There are those who argue (with a straight face!) that affirmative action should be abolished because it is unfair to whites, particularly white males. They ignore the fact that white males have always had their own peculiar form of affirmative action. Consider the 1960s, when white college students, sons of prominent politicians and leaders of industry, were routinely awarded draft deferments. Other examples of white affirmative action include tax breaks for corporations, the bailouts of savings and loans, red-lining to keep white suburbs homogeneous, prep-school connections, and membership in exclusive clubs...just to name a few.

The creation of phony companies is one way powerful whites have used affirmative action laws to their own advantage. Businesses throughout the country have established separate entities headed by a minority or a woman (often the wife or a female relative of the CEO of the parent company). The new company boasts a racially diverse work force, which qualifies it to bid on those portions of government contracts earmarked for women- and minority-owned businesses. However, the new company is not actually competing with its sire and has no real autonomy; the parent company continues to control the new company's board of directors and finances.

Chips off the Old Block

Nepotism is perhaps the oldest and most subtle form of white affirmative action. Our research subjects told of countless situations in which business owners and corporate executives hire, retain, and promote family members and friends, regardless of their qualifications, training, or abilities. Qualified minority applicants, who because of historical discrimination have no relatives in high places, are often out of luck.

White affirmative action is a part of the fabric of American life. It is hypocritical and wrong to call for the eradication of affirmative action for minorities while accepting affirmative action for bankers, high-level managers, and other white men in power as normal entitlements.

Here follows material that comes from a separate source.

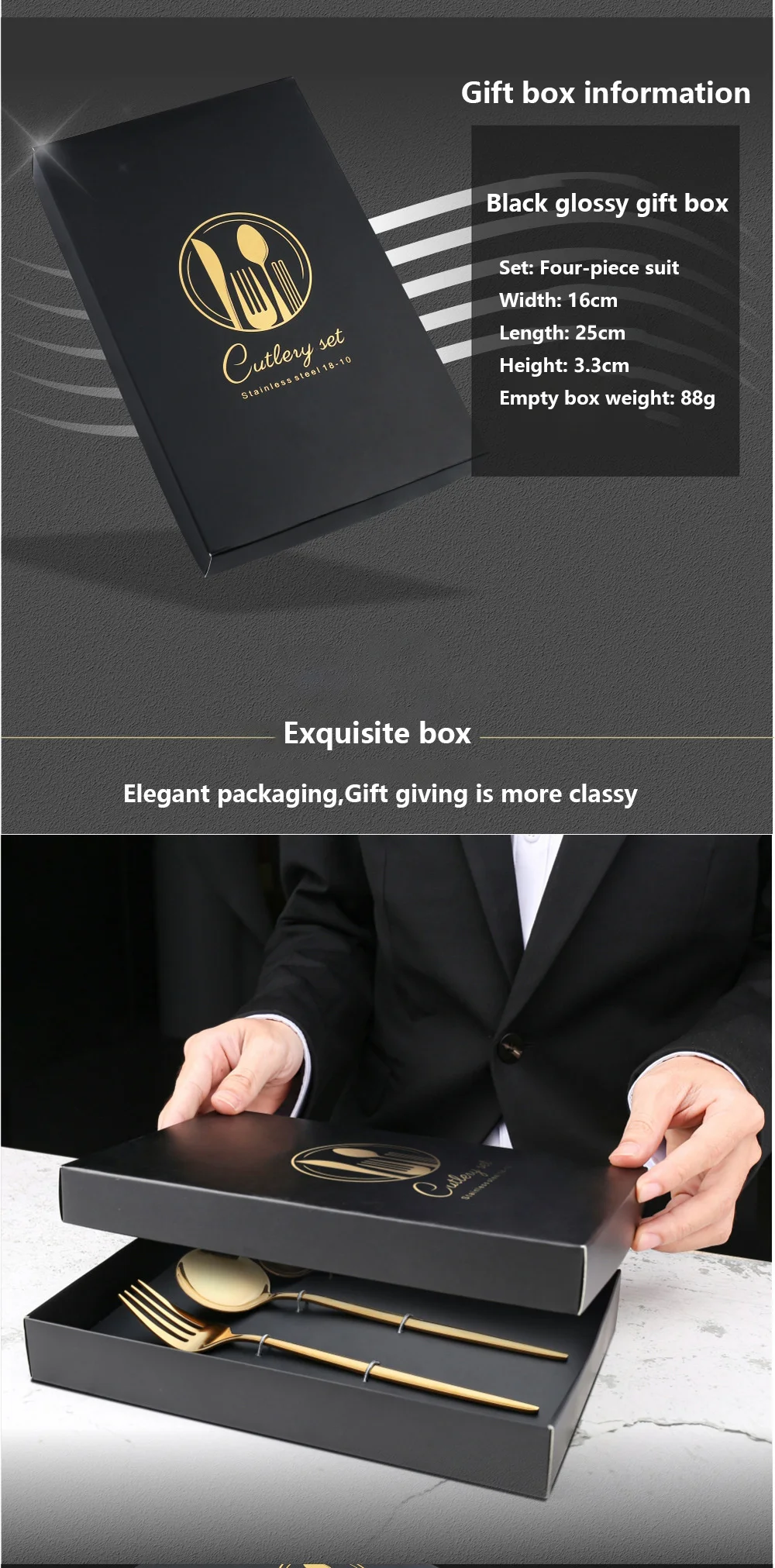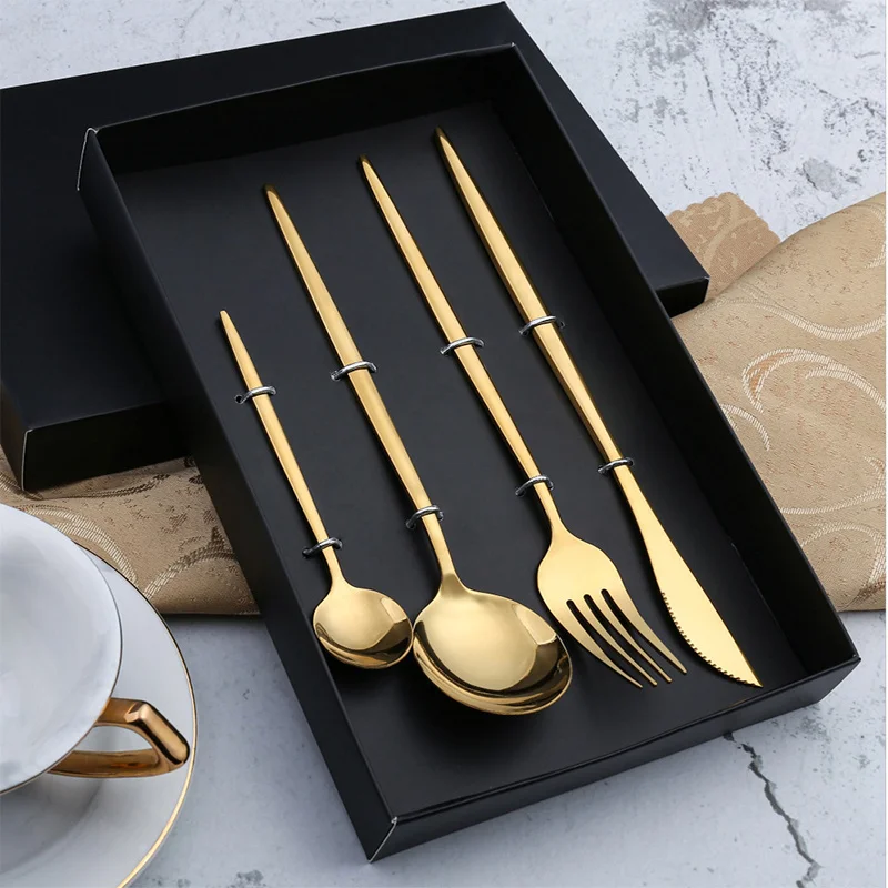 410 черная Золотая посуда из нержавеющей стали Подарочная коробка набор посуды из зеленого золота для кухонной утвари столовый нож вилка ложка

After 30 years of affirmative action, the playing field is far from level. For all the angry white males who want to abolish affirmative action for women and minorities, we say, "No problem." But while you're at it, don't forget to eliminate racism, elitism, nepotism, and the other forms of white affirmative action. They too must go!


Deborah Cooksey, Esq., practices law in Oakland, CA. Marilyn Easter, Ed.D., teaches at several universities in the Bay Area. They dedicate this article to their mothers, Mary Cooksey and the late Delois Pettigrew, whose hard work and sacrifice made their accomplishments possible.